OOS 3-5 - Novel soil ecosystems created by natural gas leaks

Monday, August 6, 2012: 2:50 PM
A105, Oregon Convention Center
Margaret Hendrick1, Courtney Carroll2 and Nathan Phillips1, (1)Earth and Environment, Boston University, Boston, MA, (2)Department of Geography and Environment, Boston University, Boston, MA
Background/Question/Methods:

We investigated the impacts of natural gas leaks from an urban distribution pipeline system on soil processes. We conducted this study in Boston, Massachusetts, one of the oldest cities in the United States. Boston has an aging natural gas distribution infrastructure, which provides an ideal environment in which to investigate the effects of pervasive natural gas leaks on urban ecosystems.
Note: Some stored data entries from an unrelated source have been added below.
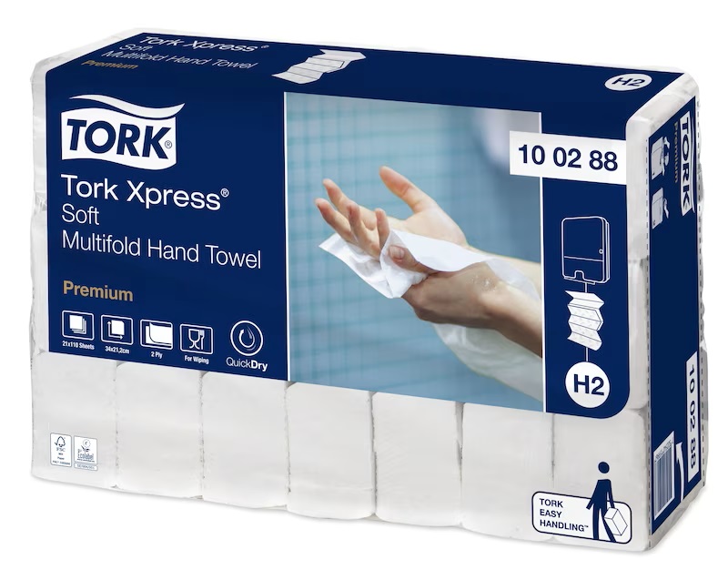Asigurați uscarea mâinilor și un grad ridicat de confort clienților dumneavoastră cu prosoapele pentru mâini Tork Xpress Multifold Premium Delicat, foarte moi și mari, care sunt blânde cu mâinile și dau o senzație plăcută la atingere. Aceste prosoape sunt adecvate pentru dozatorul de prosoape pentru mâini Tork Xpress Multifold, pentru toaletele cu trafic mediu. Acesta se încadrează în spații mici și asigură atât confortul, cât și igiena oaspeților dumneavoastră.
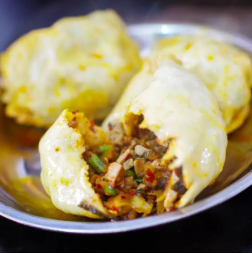 威宁小粑粑外皮是荞面,内容是豆干,咸菜,火腿一起炒的包馅。把包好的小粑粑放进锅里,锅底放点水,盖紧锅盖,小粑粑里面的油浸出来,面皮的表面和软,底面焦黄香脆,吃起来清爽可口!
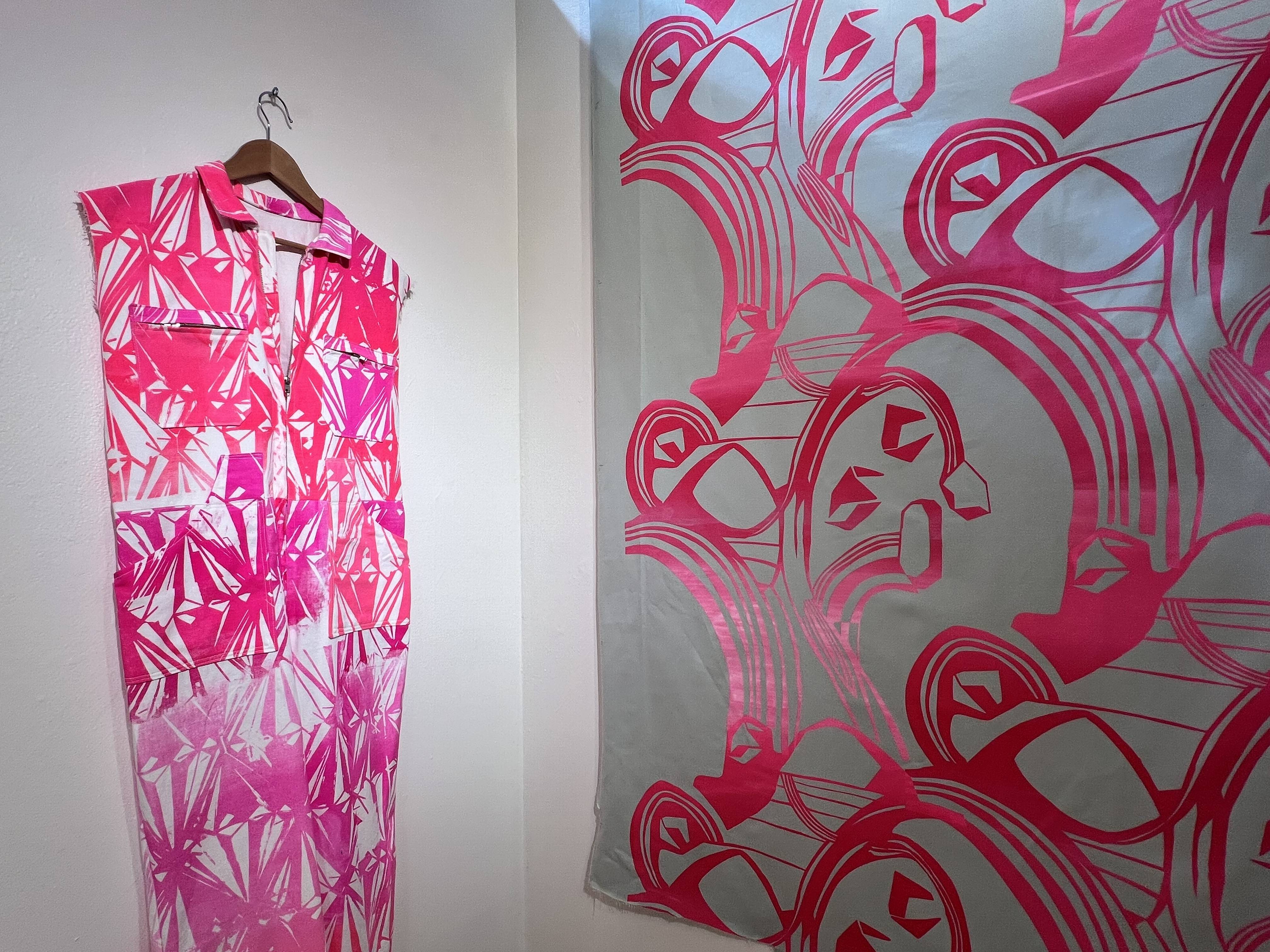 Henderson is a consummate craftsperson. Looking carefully at the handmade books on view, visitors will find works that are expertly constructed with a keen sense for detail and quality. A bespoke jumpsuit printed in fluorescent pink bears the marks of a skilled tailor, a talent Henderson says she initially picked up from her grandmother and later improved in classes at the West Side Sewing Studio. The artist’s books and textiles alike feature perfect stitches.
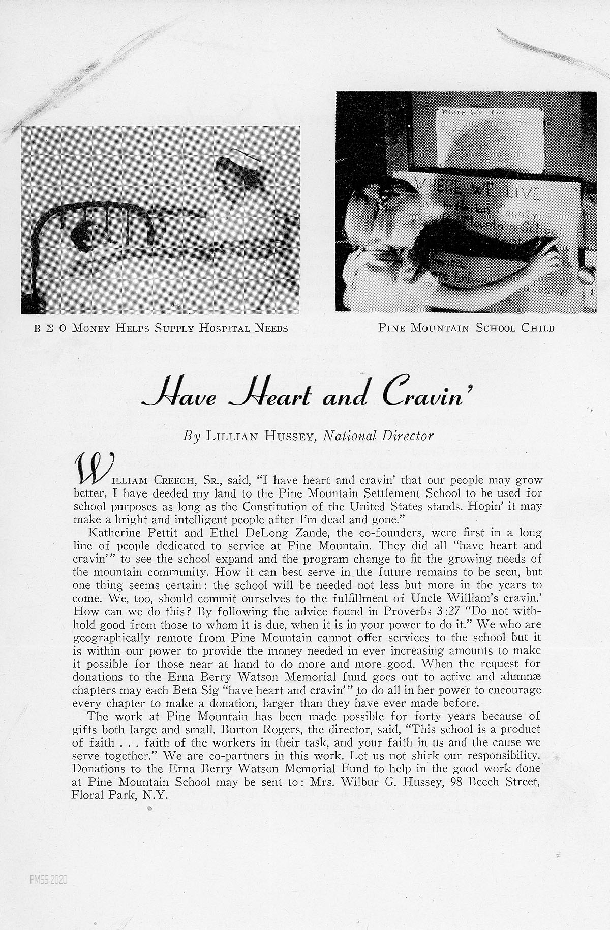 The work at Pine Mountain has been made possible for forty years because of gifts both large and small. Burton Rogers, the director, said, “This school is a product of faith … faith of the workers in their task, and your faith in us and the cause we serve together.” We are co-partners in this work. Let us not shirk our responsibility. Donations to the Erna Berry Watson Memorial Fund to help in the good work done at Pine Mountain School may be sent to Mrs. Wilbur G. Hussey, … Floral Park, N.Y.

In this study we addressed four questions: [1] Do soils exposed to elevated methane exhibit unique soil properties, microbial community structure, and/or microbial community composition? [2] What role does the microbial community play in mitigating or enhancing methane flux to the atmosphere? [3] Does vegetation play a role in moving methane into the atmosphere? [4] Are there correlations between gas flux rate or concentration and soil/vegetation impacts? Preliminary results from enzyme assay experiments characterize the enzymatic activity of the microbial community found in gassed soils. Carbon and nitrogen contained within soil microbial biomass is estimated using the chloroform fumigation-extraction method. Finally, gassed pot experiments demonstrate the impact of methane on urban trees. 

Results/Conclusions:

Preliminary data show that gassed soils often exceed 90% methane and depress oxygen gas below 10%. Gassed soils are desiccated and anoxic, creating a virtually unexplored extremophile domain. Soil at leak sites often appears black and viscous, forming a crusty substance at the soil’s surface. Preliminary analyses of this soil reveal elevated levels of potassium and low levels of nitrate (NO3-N). While vegetation at leak sites suffered increased rates of mortality, preliminary investigation of still-living tissues reveals that methane at leak sites is able to invade below- and above-ground tissues. Trees and Ganoderma fungus at leak sites exhibit elevated levels of methane in their tissues and may act as conduits, moving methane from the soil into the atmosphere. Characterization of the effects of natural gas on soils, soil biota, and vegetation will inform carbon budget forecasts in urban centers, assist city planners in ameliorating affected soils and vegetation, and contribute to our understanding of methane’s role in global climate change.